Maintaining image quality and lesion identification performance is crucial in LDCT, as a decreasing radiation dose leads to a rise in image noise. In fact, a previous study explored the feasibility of LDCT lung scanning procedures that decreased radiation exposure while preserving nodule detection performance with an average ED of 1.5 mSv [29]. In the present study, no significant differences in detection efficacy were observed between groups, which means that LDCT (for BMI > 21 kg/m2) and uLDCT (for BMI ≤ 21 kg/m2) were capable of detecting pulmonary nodules with a similar sensitivity to SDCT. However, multiple comparisons showed the image qualities of LDCT (for BMI > 21 kg/m2) and uLDCT (for BMI ≤ 21 kg/m2) were significantly poorer than that of SDCT, suggesting that LDCT and uLDCT may be inappropriate for analyzing their imaging characteristics, even though they can detect small pulmonary nodules.
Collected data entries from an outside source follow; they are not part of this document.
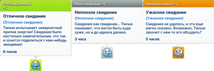 Также в отличие от успеха свидания у персонажа могут появиться различные мудлеты. Не всё всегда проходит хорошо — и это нормально!
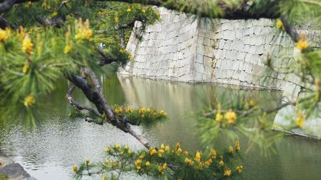 pine tree branch, moat and stone wall at nijo-jo castle in kyoto
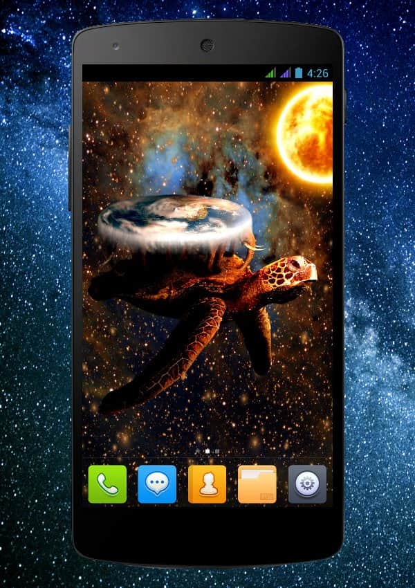 Star Turtle Pro Live Wallpaper – ещё давно английский писатель Терри Пратчетт писал о интересной планете в виде большого диска, который стоит на огромной черепахе. В этом мире всё совершенно по другому, законы физики отличаются от земных, а магия более чем материальна. Черепаха медленно плывёт бороздя космические просторы и неся свою ношу.
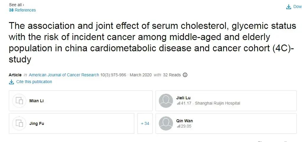 此前,上海交通大学医学院附属瑞金医院的研究人员发表在《美国癌症研究杂志》的一项研究,研究人员对我国在2014~2016年的多个心血管代谢病、癌症队列研究项目进行了荟萃分析,涉及全国16个省市、20个社区站点的13.8万名受试者进行了中位3.8年的随访。
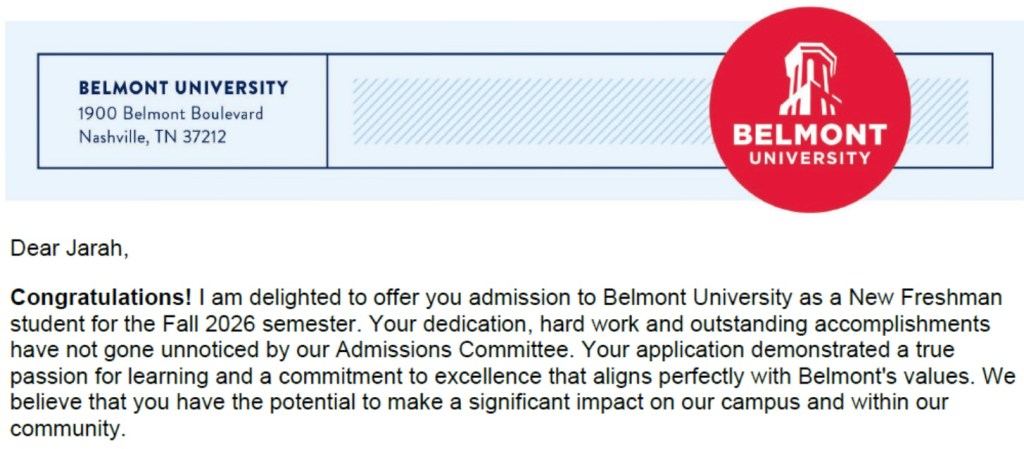 The acceptance letter from Belmont University arrived with news that filled our home with gratitude and wonder. Dr. Chris Gage, Vice President for Enrollment Services, welcomed Jarah into the Fall 2026 freshman class, noting that her “dedication, hard work and outstanding accomplishments have not gone unnoticed.” But it was his next words that felt like God’s own affirmation of our faithful investment: Jarah had been awarded the Belmont Achievement Scholarship, $9,000 annually, selected from “a very talented and competitive group of applicants.”
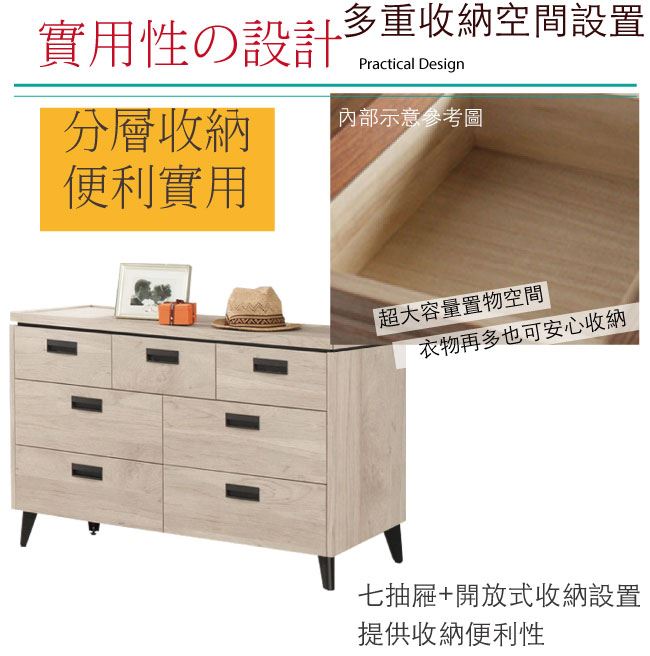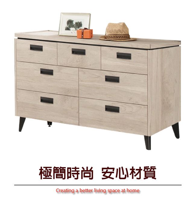 【綠家居】薇妮特 橡木紋4尺七抽斗櫃

Unlike the high standard of image quality for diagnostic purposes, CT-guided hook wire localization only requires complete visualization of the nodule and needle tip [10]. In our investigation, the image quality scores of LDCT and uLDCT were substantially lower than those of SDCT, yet all were greater than three points, meeting the criteria for puncture.
In the current study, the hook wire was successfully placed with all lung nodules removed through VATS in 151 patients, and none of the procedures needed conversion to thoracotomy. Pneumothorax and hemorrhage are the most common complications associated with hook wire localization [3], along with other factors, such as the number of needle insertions and the duration of the procedure [29]. This study found no statistically significant differences between groups in terms of needle insertions and total puncture time, which is consistent with earlier research [1,9]. The overall frequency of intrapulmonary hemorrhage and pneumothorax did not differ significantly across all groups. All pneumothoraces observed in our study were classified as asymptomatic small pneumothorax [30,31], and none of them required further intervention before surgery. No serious complications such as hemoptysis, massive hemothorax or air embolisms were identified in either group. In light of these findings, it appears that radiation dose reduction does not increase the risk of complications associated with localization.
This research has certain limitations. Firstly, due to the inspection equipment’s limitations, the tube voltage gears were confined to 80 kVp, 110 kVp and 130 kVp. In order to rationally limit the radiation exposure, only 80 kVp and 110 kVp were utilized in this investigation. Secondly, our patient sample size (for BMI ≤ 21 kg/m2) was small, thus further clinical trials with larger sample populations are necessary. Thirdly, we were unable to conduct a subgroup analysis focusing on patients who have simultaneous localization for multiple nodules because of the limited number of cases allotted.

5. Conclusions

In conclusion, LDCT-guided localization can provide comparable safety and nodule detection performance compared to SDCT-guided localization, while dramatically reducing radiation exposure, especially for patients with small body mass indexes.

Author Contributions

Conceptualization, Y.-J.Z. and Y.-J.L.; Methodology, W.W.; Formal analysis, S.-G.W.; Resources, B.-B.L.; Data curation, X.-Y.T., X.F. and Y.-J.L.; Writing—original draft, W.W.; Writing—review & editing, J.-Y.Z., R.-W.P. and Y.-J.Z.; Project administration, X.F. and R.-W.P. All authors have read and agreed to the published version of the manuscript.

Funding

This research received no external funding.

Institutional Review Board Statement

The study was conducted in accordance with the Declaration of Helsinki, and approved by the Ethics Committee of The First Affiliated Hospital of Dalian Medical University, (PJ-KS-XJS-2021-60(X)).

Informed Consent Statement

Informed consent was obtained from all subjects involved in the study.

Data Availability Statement

Not applicable.

Conflicts of Interest

The authors declare no conflict of interest.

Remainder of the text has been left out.